Requirement -
Retype the listing exactly, with no images.

Data to examine -
....................

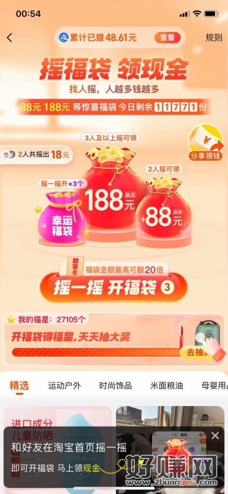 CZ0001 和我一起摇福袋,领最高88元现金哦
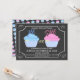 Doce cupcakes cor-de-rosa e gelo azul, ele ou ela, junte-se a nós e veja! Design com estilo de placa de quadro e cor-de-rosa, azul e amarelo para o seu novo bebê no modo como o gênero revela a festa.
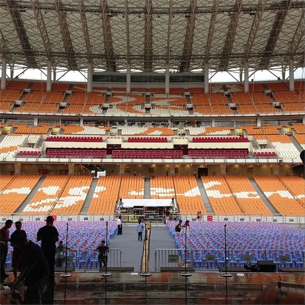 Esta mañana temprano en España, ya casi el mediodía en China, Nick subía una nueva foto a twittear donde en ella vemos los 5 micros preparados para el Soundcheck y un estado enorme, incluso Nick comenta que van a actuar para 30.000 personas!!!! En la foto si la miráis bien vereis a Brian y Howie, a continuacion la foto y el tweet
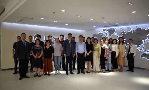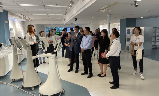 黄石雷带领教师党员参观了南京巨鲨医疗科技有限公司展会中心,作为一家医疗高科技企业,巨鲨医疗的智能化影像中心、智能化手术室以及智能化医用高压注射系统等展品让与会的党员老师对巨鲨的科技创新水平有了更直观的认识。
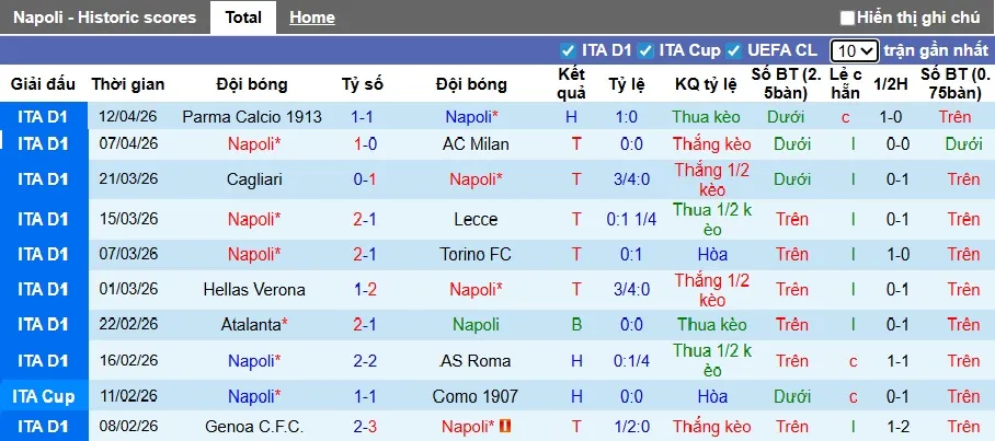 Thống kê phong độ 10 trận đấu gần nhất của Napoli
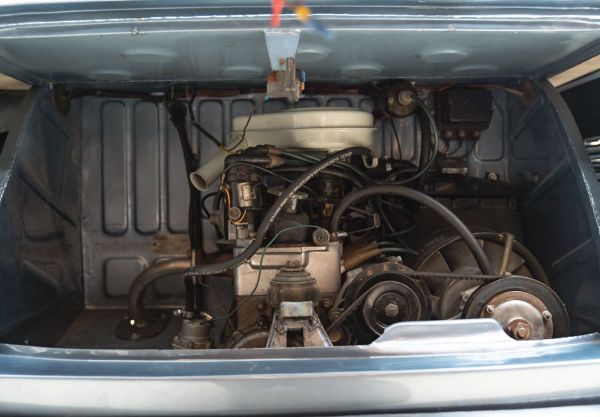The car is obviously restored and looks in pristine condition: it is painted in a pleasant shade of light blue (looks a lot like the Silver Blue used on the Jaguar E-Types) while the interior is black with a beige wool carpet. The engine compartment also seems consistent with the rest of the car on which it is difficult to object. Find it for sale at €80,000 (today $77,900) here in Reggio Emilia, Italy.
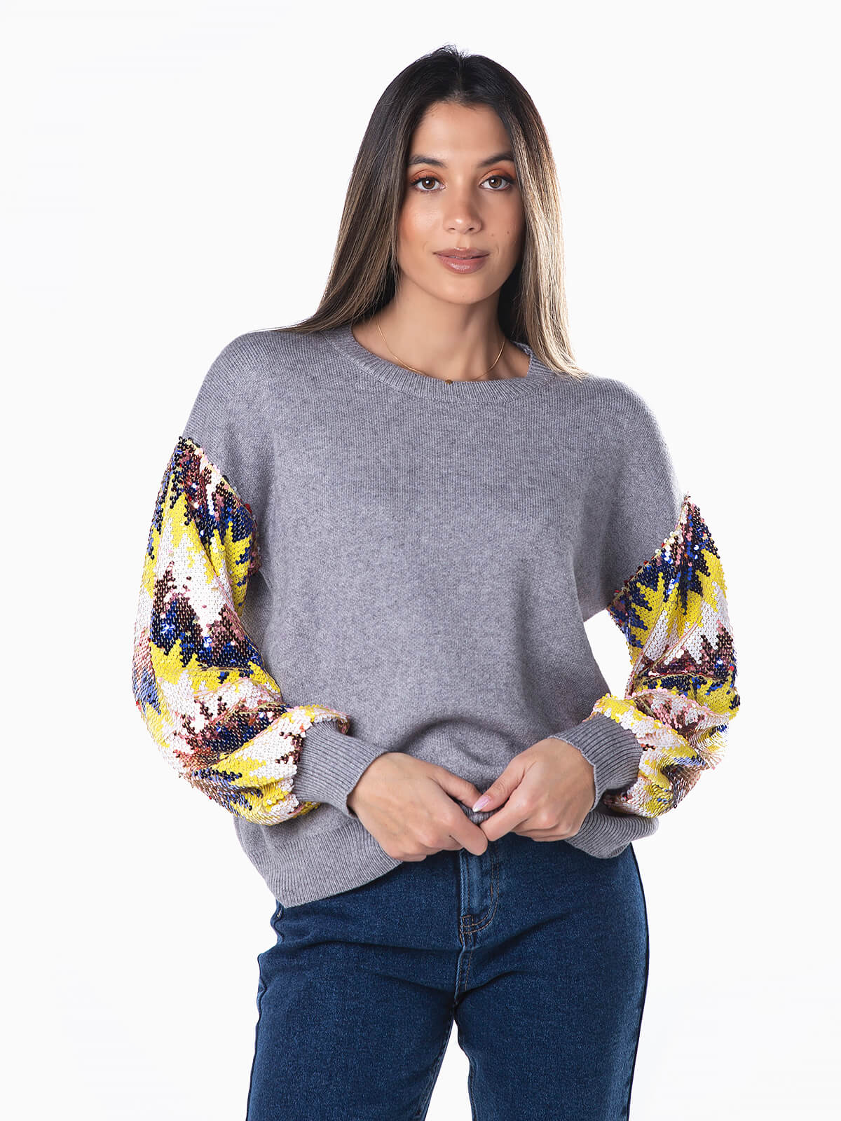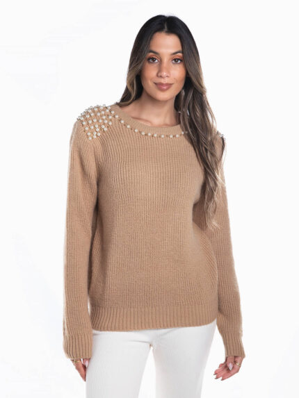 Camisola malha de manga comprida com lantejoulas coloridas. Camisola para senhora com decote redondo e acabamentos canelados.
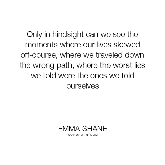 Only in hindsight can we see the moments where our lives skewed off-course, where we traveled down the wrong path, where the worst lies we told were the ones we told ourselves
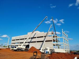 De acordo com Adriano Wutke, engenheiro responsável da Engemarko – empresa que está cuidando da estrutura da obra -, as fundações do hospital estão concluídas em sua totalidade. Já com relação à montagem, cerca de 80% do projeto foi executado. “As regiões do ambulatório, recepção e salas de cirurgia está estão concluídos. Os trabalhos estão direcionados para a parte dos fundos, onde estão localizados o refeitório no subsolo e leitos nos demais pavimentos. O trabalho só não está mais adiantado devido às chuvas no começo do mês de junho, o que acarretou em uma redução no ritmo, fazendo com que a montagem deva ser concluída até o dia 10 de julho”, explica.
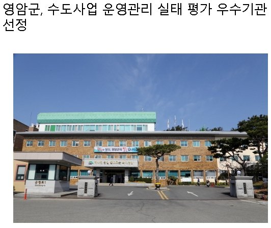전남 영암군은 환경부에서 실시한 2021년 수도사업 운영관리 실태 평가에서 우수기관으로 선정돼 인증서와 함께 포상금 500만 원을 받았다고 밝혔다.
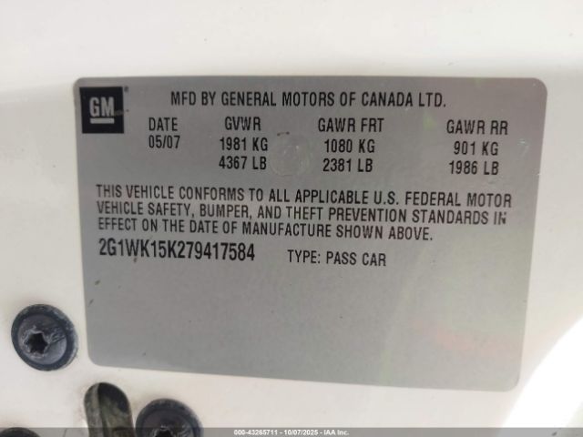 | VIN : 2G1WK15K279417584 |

....................

Task output -
 CZ0001 和我一起摇福袋,领最高88元现金哦
 Doce cupcakes cor-de-rosa e gelo azul, ele ou ela, junte-se a nós e veja! Design com estilo de placa de quadro e cor-de-rosa, azul e amarelo para o seu novo bebê no modo como o gênero revela a festa.
 Esta mañana temprano en España, ya casi el mediodía en China, Nick subía una nueva foto a twittear donde en ella vemos los 5 micros preparados para el Soundcheck y un estado enorme, incluso Nick comenta que van a actuar para 30.000 personas!!!! En la foto si la miráis bien vereis a Brian y Howie, a continuacion la foto y el tweet
 黄石雷带领教师党员参观了南京巨鲨医疗科技有限公司展会中心,作为一家医疗高科技企业,巨鲨医疗的智能化影像中心、智能化手术室以及智能化医用高压注射系统等展品让与会的党员老师对巨鲨的科技创新水平有了更直观的认识。
 Thống kê phong độ 10 trận đấu gần nhất của Napoli
The car is obviously restored and looks in pristine condition: it is painted in a pleasant shade of light blue (looks a lot like the Silver Blue used on the Jaguar E-Types) while the interior is black with a beige wool carpet. The engine compartment also seems consistent with the rest of the car on which it is difficult to object. Find it for sale at €80,000 (today $77,900) here in Reggio Emilia, Italy.
 Camisola malha de manga comprida com lantejoulas coloridas. Camisola para senhora com decote redondo e acabamentos canelados.
 Only in hindsight can we see the moments where our lives skewed off-course, where we traveled down the wrong path, where the worst lies we told were the ones we told ourselves
 De acordo com Adriano Wutke, engenheiro responsável da Engemarko – empresa que está cuidando da estrutura da obra -, as fundações do hospital estão concluídas em sua totalidade. Já com relação à montagem, cerca de 80% do projeto foi executado. “As regiões do ambulatório, recepção e salas de cirurgia está estão concluídos. Os trabalhos estão direcionados para a parte dos fundos, onde estão localizados o refeitório no subsolo e leitos nos demais pavimentos. O trabalho só não está mais adiantado devido às chuvas no começo do mês de junho, o que acarretou em uma redução no ritmo, fazendo com que a montagem deva ser concluída até o dia 10 de julho”, explica.
전남 영암군은 환경부에서 실시한 2021년 수도사업 운영관리 실태 평가에서 우수기관으로 선정돼 인증서와 함께 포상금 500만 원을 받았다고 밝혔다.
 | VIN : 2G1WK15K279417584 |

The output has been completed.